As far as the one particular criticism you refer, this is typically catered for IMEX by a procedure to do a scheduled routine abstracts search or hv some other kind of, maybe external, authoritative input source. Never met yr precise complaint as long as the topic was included / summarised in some kind of an annual review within the "verification" step. Assuming "no significant change", no great depth of study entailed IMEX. (Contrariwise, obviously any major occurrence would need immediate documenting / action also.). However I can understand that an auditor might find no direct link (within a general haccp compiled list) to recognised wine data info. sources as being noteworthy (also see below).

Some general comments to yr links are -

1. Assuming you use decision tree method (I don’t), I guess the Codex reference should suffice. If you don’t use the d-tree method, need other risk assessment links for sure (pls clarify).
2. I presume the various general EU links you give adequately match the specific haccp / regulatory activities of yr product / market situation (eg retail/non-retail, export/non-export etc). I didn’t notice any obviously direct wine-related links but perhaps inside the general text ?. Pls clarify.
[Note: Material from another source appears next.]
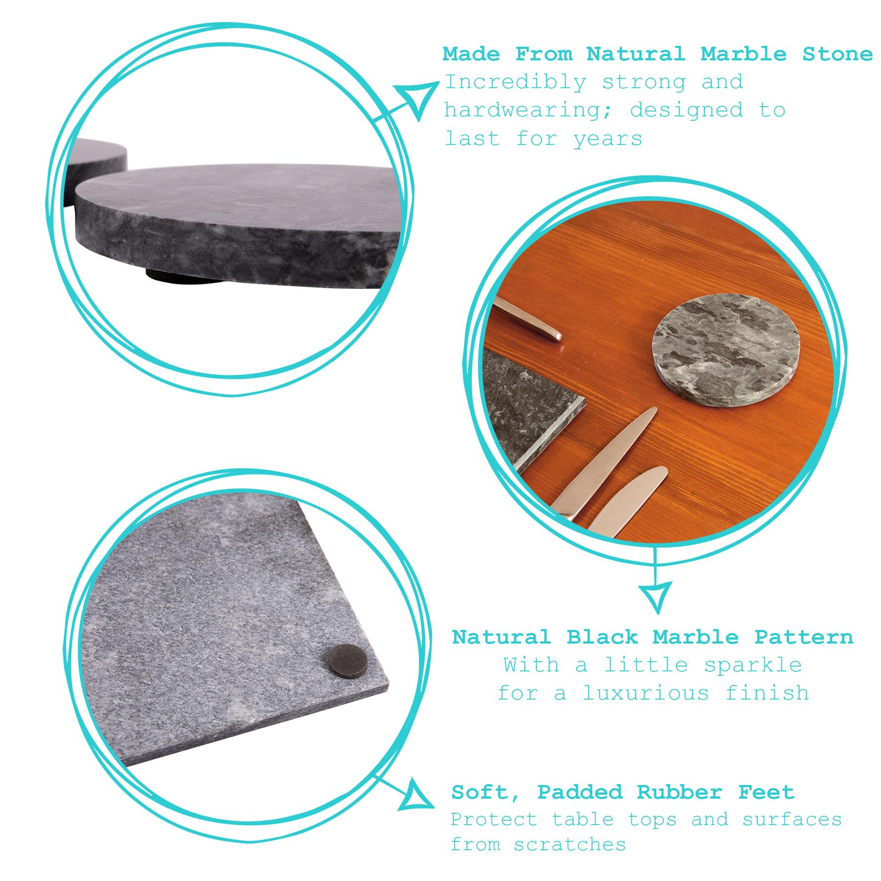 The perfect fusion of style and substance, the sturdy stone material of these mats makes them incredibly hard-wearing, while the crisp bevelled edging and natural marble pattern will provide a subtle accent of luxury to any interior.

In my case (seafood) further individual links would probably be required but this is up to your knowledge. This is possibly one part of the auditor's comment.

3. I didn’t see any specific links for validating CCPs ( usually a fundamental HACCP step, despite blurred over in codex 2003), or perhaps there are no CCPs for wine although that wud still require some validation ? For many people this is often the most complicated and lengthy part of the HACCP plan and by association the links list also. A visible lack would normally draw an auditor’s comment IMO. Maybe second part of auditor's comment.

And all other relevant legislation, sources and guidelines


4. Wasn’t quite sure what the above meant ? HACCP utilised information but not referenced in the HACCP manual, ie “anything”.? Maybe a third part of auditor's comment

Hope the above makes sense, particularly the general / specific comments. Actually (without it being my direct product knowledge base), yr links for general factors looked quite reasonable IMO but I'm less sure about the specifics. Any wine people here might also hv direct input but any comment probably needs more info., eg haccp details regarding CCPs etc. (eg metal detector validation etc, etc). I've not touched on any pre-requisite aspects since you seemed to hv had no problem in that area.

Rgds / Charles.C

Hi everyone.

Our library of resources for our HACCP was criticised at a recent BRC-5 pre-assessment by the auditor under "Insufficient references." Clearly, each category of product and process will differ (ours is alcohols for food use), but I wondered if anyone maintains a 'core' list of essential HACCP-related references that have passed BRC-5 scrutiny and that they could kindly share?

Thank you.

ISO17025



Hi ISO

in my HACCP, the "literature" i refer to is actually legislation /COP

Food Safety Act
Codex Alimentarius
Labelling Regs
Micro Regs
Animal By Products
Weights & Measures
Supermarket COP
HTST COP
Etc ETc

I have been asked to produce there pieces of legislation, so make sure you have a copy!